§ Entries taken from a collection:
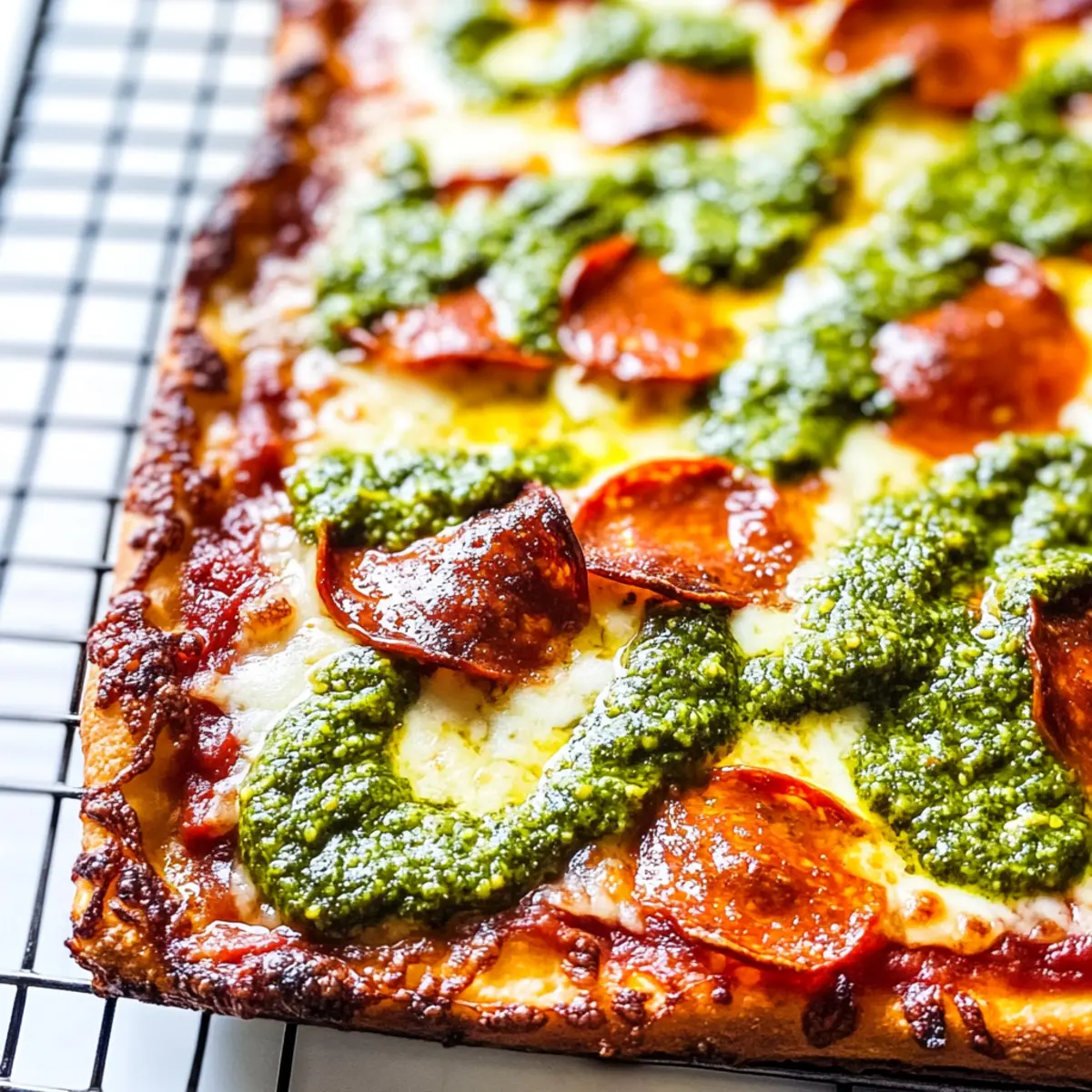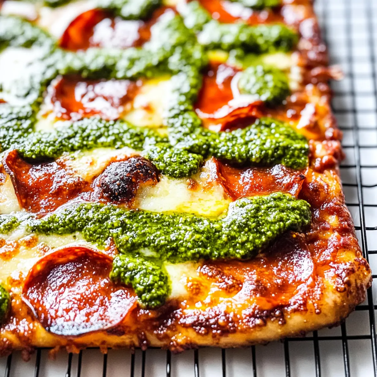 • Pepperoni Slices – A traditional favorite that pairs wonderfully with the pesto, adding a savory kick!
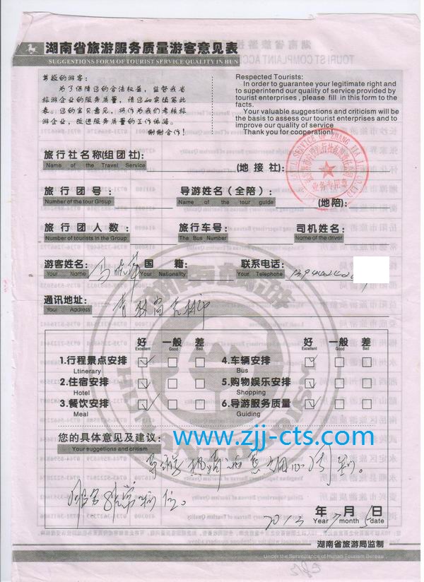吉林馬女士一行6人旅游質(zhì)量回饋單
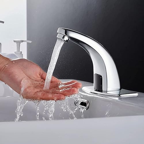 Gangang Bad Wasserhahn mit Sensor Infrarot Berührungsloser Wasserhahn Automatik Waschtischarmatur für Badzimmer Waschbecken
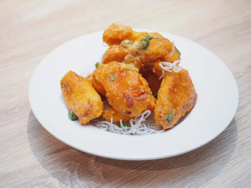 「金沙南瓜」售價 $250。將質地柔軟的南瓜包覆在綿密的金沙中,讓甘甜的南瓜吃起來帶有一種鹹香滋味,是非常下飯的一道菜。這道菜麵衣不會過厚,鹹蛋黃的風味卻能讓南瓜的甜度更有層次。
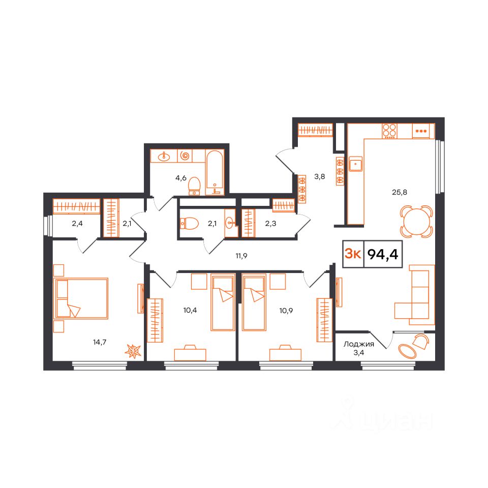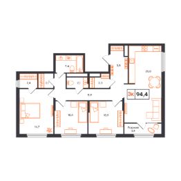 3-комн. квартира с продуманным пространством, сдается в предчистовой отделке в жилом комплексе Отличие.
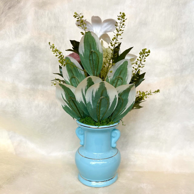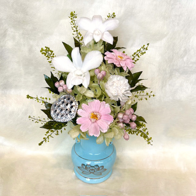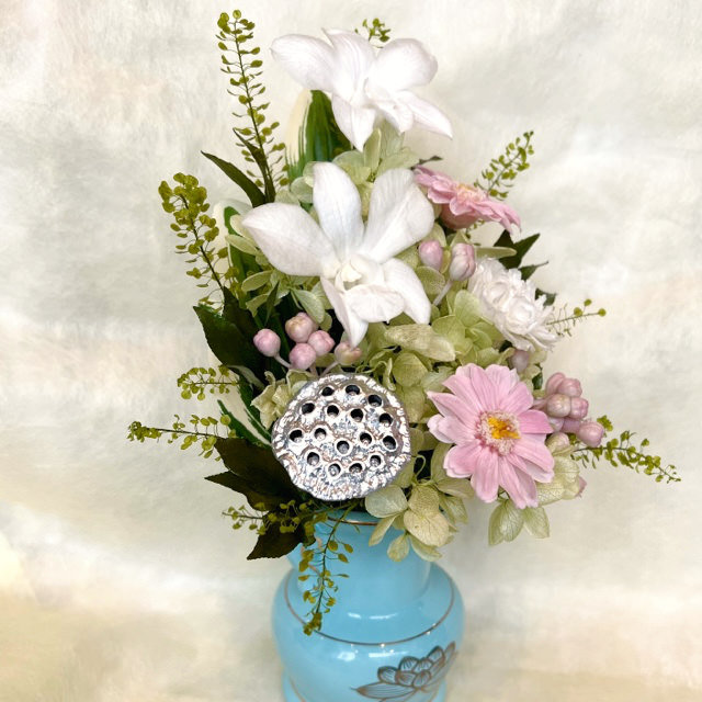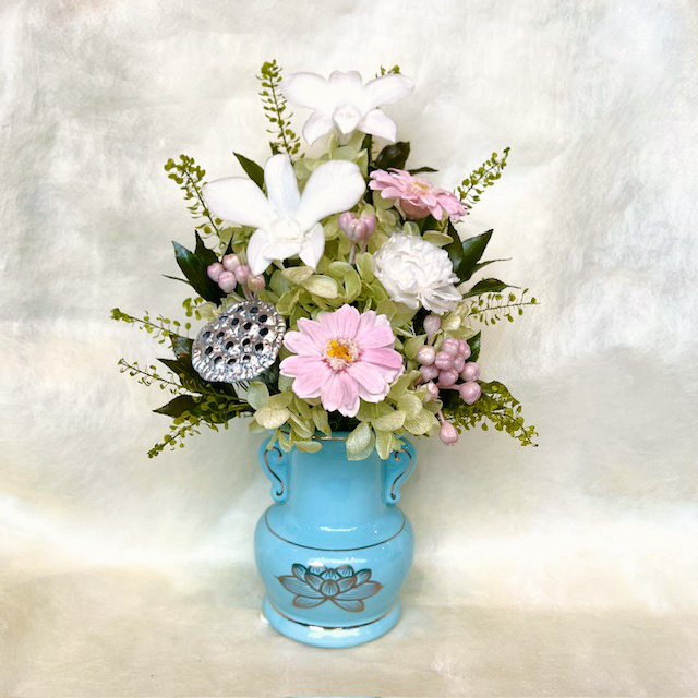 青磁色に金色の蓮華が描かれたお仏壇向きの花器に優しい花色で仏花アレンジを作ってみました。明るく可憐な仕上がりです。
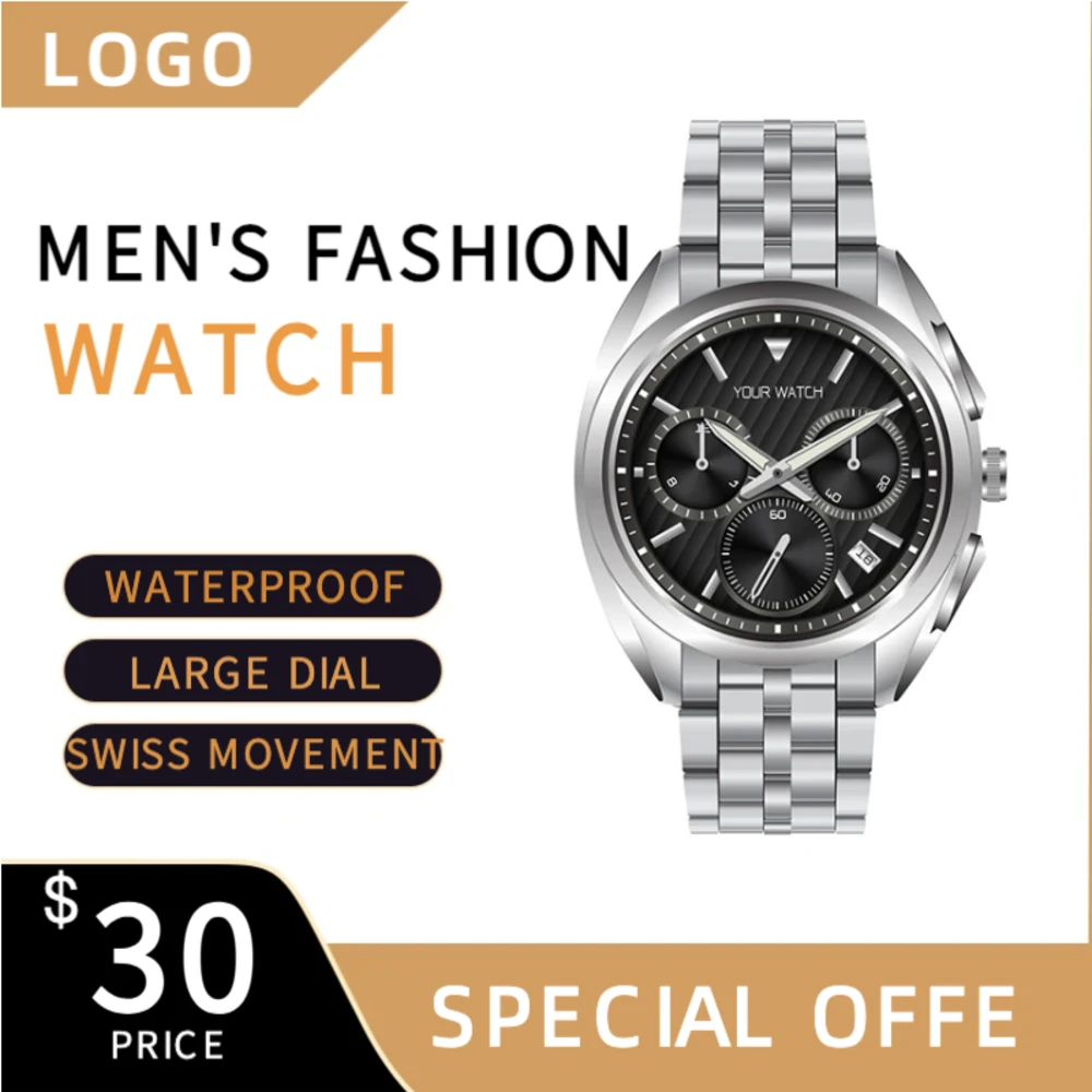 专为跨境手表品类设计的1:1主图,风格高端大气,彰显佩戴者品味。适用于Amazon、Shein等时尚平台。模板采用微距视角展示表盘与表带细节,规范构图符合平台要求。建议使用高清细节图并强调精湛工艺,吸引追求品质的消费者。
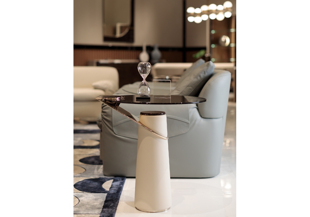 Eclipse diseñada por Andrea Bonini para Turri es una mesa auxiliar con base en MDF y contrachapado en diferentes acabados de poliéster brillante decorados a mano y tapizado en piel. La parte superior es de cristal bronceado y está sostenida por un elemento de metal con un acabado dorado claro.
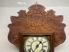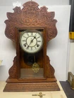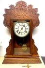 THIS AUCTION IS FOR : Antique Waterbury kitchen gingerbread shelf clock is a true gem for any collector of Victorian-era decor. Made from oak wood, glass, and brass, this clock features a glass door, half-hour and hourly gong strike, and Roman numerals. It is 22 and 1/4 inches tall, 14 and 3/4 inches WIDE , and 4 and 1/2 inches DEEP. The clock is in perfect working condition and is an original piece from the 1850-1899 time period. CLOCK DOES HAVE A SMALL NIC ON FRONT TOP PC, SEE PIC. NOTHING MAJOR. GOOD RUNNNING CLOCK SELLING USED AS IS CONDITION, ANY QUESTIONS PLEASE ASK, THANKS FOR LOOKING. BE SURE TO CHECK BACK, LARGE ESTATE OF CLOCKS AND PARTS TO BE LISTED. FREE U.S. SHIPPING.
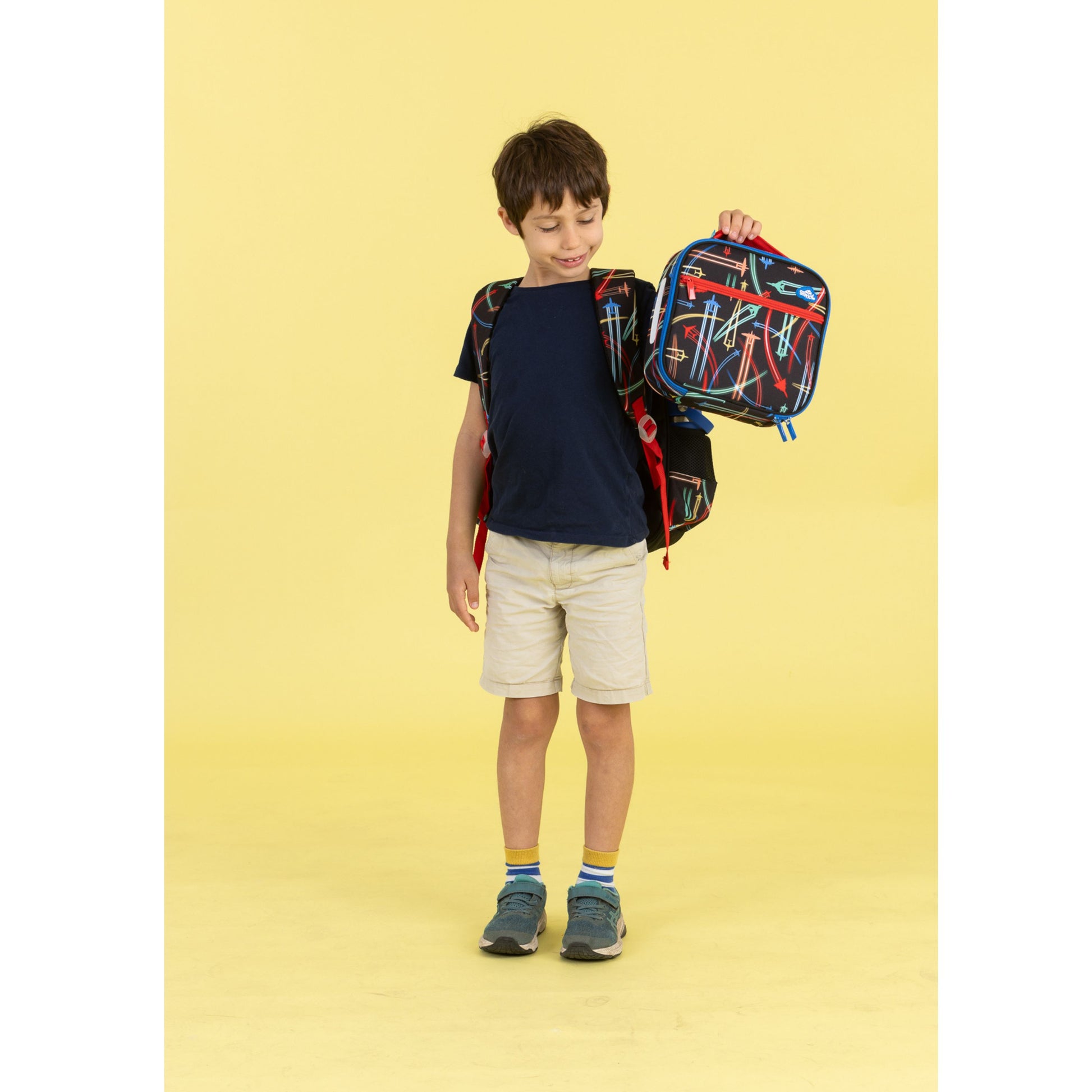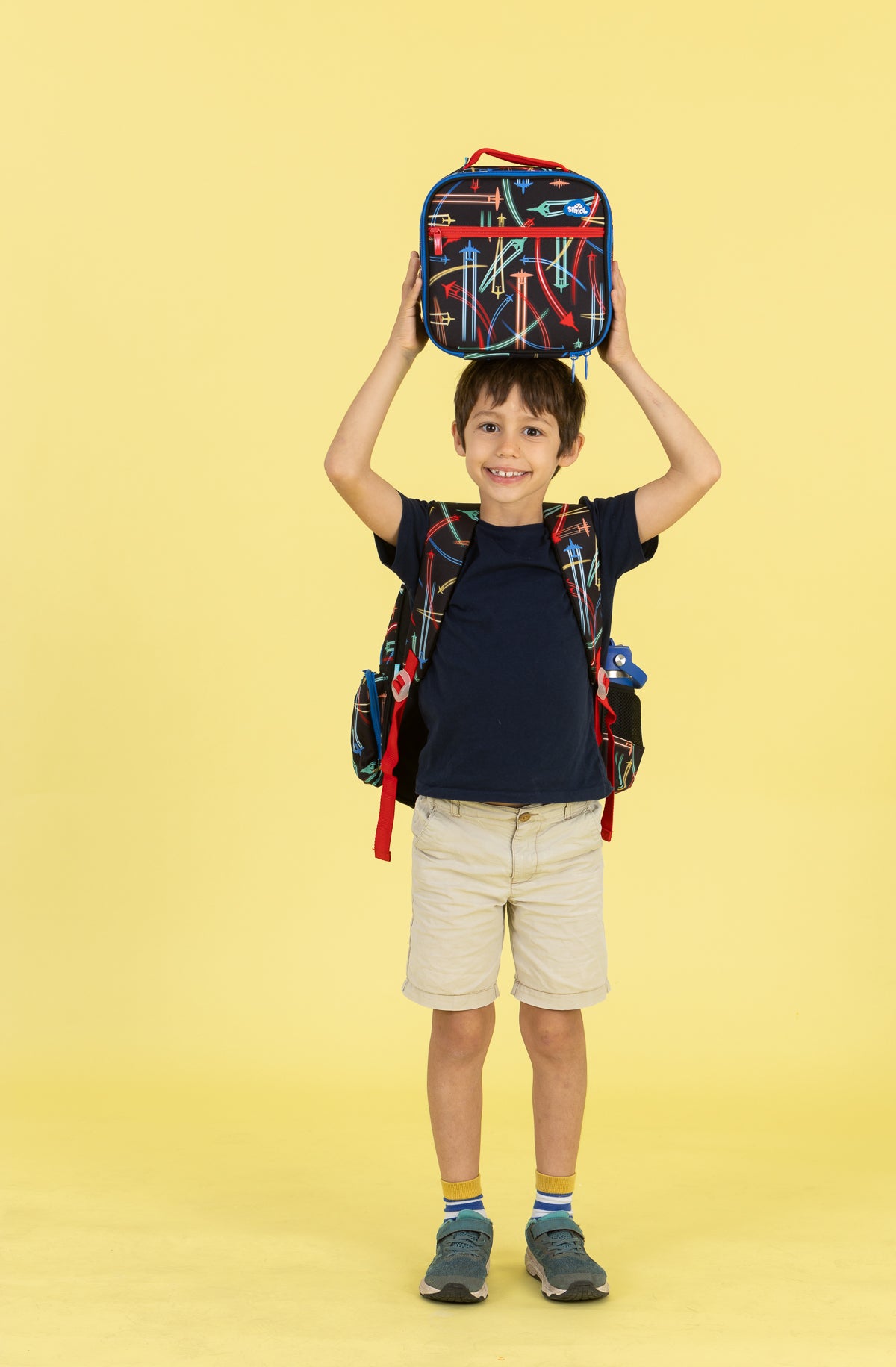 Ready for take-off? Jet Planes is bursting with bold colours and high-flying fun! Zooming across a jet-black sky, these speedy planes leave streaks of colour wherever they go. Perfect for little adventurers with big imaginations! Keep your little one's food fresh (and fun!) with this super cute lunch bag designed for the littlest kids! It's perfect for fitting the Spencil Little Bento Box and Little Chill Pack with room to spare for fruit or small containers! With aluminium food-safe silver lining, a back zip pocket that perfectly fits the Little Chill Pack, an outside name card pocket and an additional inside pocket for 'Love Notes', this is your go-to lunch bag for school and play! KEY FEATURES Machine washable Aluminium food-safe insulated lining to keep contents fresher for longer Front zip pocket Dual zip main compartment - easy to open and close Back zip pocket that perfectly fits the Little Chill Pack Thicker, padded handle Outside clear name card pocket Inside pocket for 'Love Notes' 1-compartment mesh pocket inside lid with velcro seal Made with long-lasting durable fabrics Fits the Spencil Little Bento Box Weight: Approx. 215 grams CARE INSTRUCTIONS Wipe with a damp cloth between uses to keep fresh Leave open on a drying rack or line overnight to dry out completely Machine washable - separately on a cold, delicate cycle Use regular detergent Don't forget to remove the name and note card Dry in the sun, with print facing upward Don't use fabric softener, stain remover or bleach Not suitable for tumble dryer or iron Optional: for extra TLC on the metal zippers you can also use a wash bag or pillow case
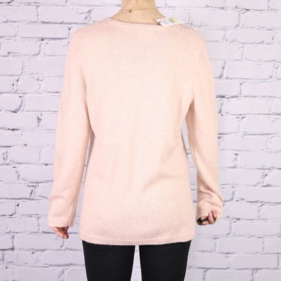 In perfect condition! This knit sweater is a super pretty peachy-pink light nude colour. It's really cozy. Has small side slits. For context, I wear a size S and I'm 5'7. 57% cotton, 43% acrylic

§ Exercise directions:
Would you mind returning each entry above word for word, skipping the images?

§ Answer to the problem:
 • Pepperoni Slices – A traditional favorite that pairs wonderfully with the pesto, adding a savory kick!
吉林馬女士一行6人旅游質(zhì)量回饋單
 Gangang Bad Wasserhahn mit Sensor Infrarot Berührungsloser Wasserhahn Automatik Waschtischarmatur für Badzimmer Waschbecken
 「金沙南瓜」售價 $250。將質地柔軟的南瓜包覆在綿密的金沙中,讓甘甜的南瓜吃起來帶有一種鹹香滋味,是非常下飯的一道菜。這道菜麵衣不會過厚,鹹蛋黃的風味卻能讓南瓜的甜度更有層次。
 3-комн. квартира с продуманным пространством, сдается в предчистовой отделке в жилом комплексе Отличие.
 青磁色に金色の蓮華が描かれたお仏壇向きの花器に優しい花色で仏花アレンジを作ってみました。明るく可憐な仕上がりです。
 专为跨境手表品类设计的1:1主图,风格高端大气,彰显佩戴者品味。适用于Amazon、Shein等时尚平台。模板采用微距视角展示表盘与表带细节,规范构图符合平台要求。建议使用高清细节图并强调精湛工艺,吸引追求品质的消费者。
 Eclipse diseñada por Andrea Bonini para Turri es una mesa auxiliar con base en MDF y contrachapado en diferentes acabados de poliéster brillante decorados a mano y tapizado en piel. La parte superior es de cristal bronceado y está sostenida por un elemento de metal con un acabado dorado claro.
 THIS AUCTION IS FOR : Antique Waterbury kitchen gingerbread shelf clock is a true gem for any collector of Victorian-era decor. Made from oak wood, glass, and brass, this clock features a glass door, half-hour and hourly gong strike, and Roman numerals. It is 22 and 1/4 inches tall, 14 and 3/4 inches WIDE , and 4 and 1/2 inches DEEP. The clock is in perfect working condition and is an original piece from the 1850-1899 time period. CLOCK DOES HAVE A SMALL NIC ON FRONT TOP PC, SEE PIC. NOTHING MAJOR. GOOD RUNNNING CLOCK SELLING USED AS IS CONDITION, ANY QUESTIONS PLEASE ASK, THANKS FOR LOOKING. BE SURE TO CHECK BACK, LARGE ESTATE OF CLOCKS AND PARTS TO BE LISTED. FREE U.S. SHIPPING.
 Ready for take-off? Jet Planes is bursting with bold colours and high-flying fun! Zooming across a jet-black sky, these speedy planes leave streaks of colour wherever they go. Perfect for little adventurers with big imaginations! Keep your little one's food fresh (and fun!) with this super cute lunch bag designed for the littlest kids! It's perfect for fitting the Spencil Little Bento Box and Little Chill Pack with room to spare for fruit or small containers! With aluminium food-safe silver lining, a back zip pocket that perfectly fits the Little Chill Pack, an outside name card pocket and an additional inside pocket for 'Love Notes', this is your go-to lunch bag for school and play! KEY FEATURES Machine washable Aluminium food-safe insulated lining to keep contents fresher for longer Front zip pocket Dual zip main compartment - easy to open and close Back zip pocket that perfectly fits the Little Chill Pack Thicker, padded handle Outside clear name card pocket Inside pocket for 'Love Notes' 1-compartment mesh pocket inside lid with velcro seal Made with long-lasting durable fabrics Fits the Spencil Little Bento Box Weight: Approx. 215 grams CARE INSTRUCTIONS Wipe with a damp cloth between uses to keep fresh Leave open on a drying rack or line overnight to dry out completely Machine washable - separately on a cold, delicate cycle Use regular detergent Don't forget to remove the name and note card Dry in the sun, with print facing upward Don't use fabric softener, stain remover or bleach Not suitable for tumble dryer or iron Optional: for extra TLC on the metal zippers you can also use a wash bag or pillow case
 In perfect condition! This knit sweater is a super pretty peachy-pink light nude colour. It's really cozy. Has small side slits. For context, I wear a size S and I'm 5'7. 57% cotton, 43% acrylic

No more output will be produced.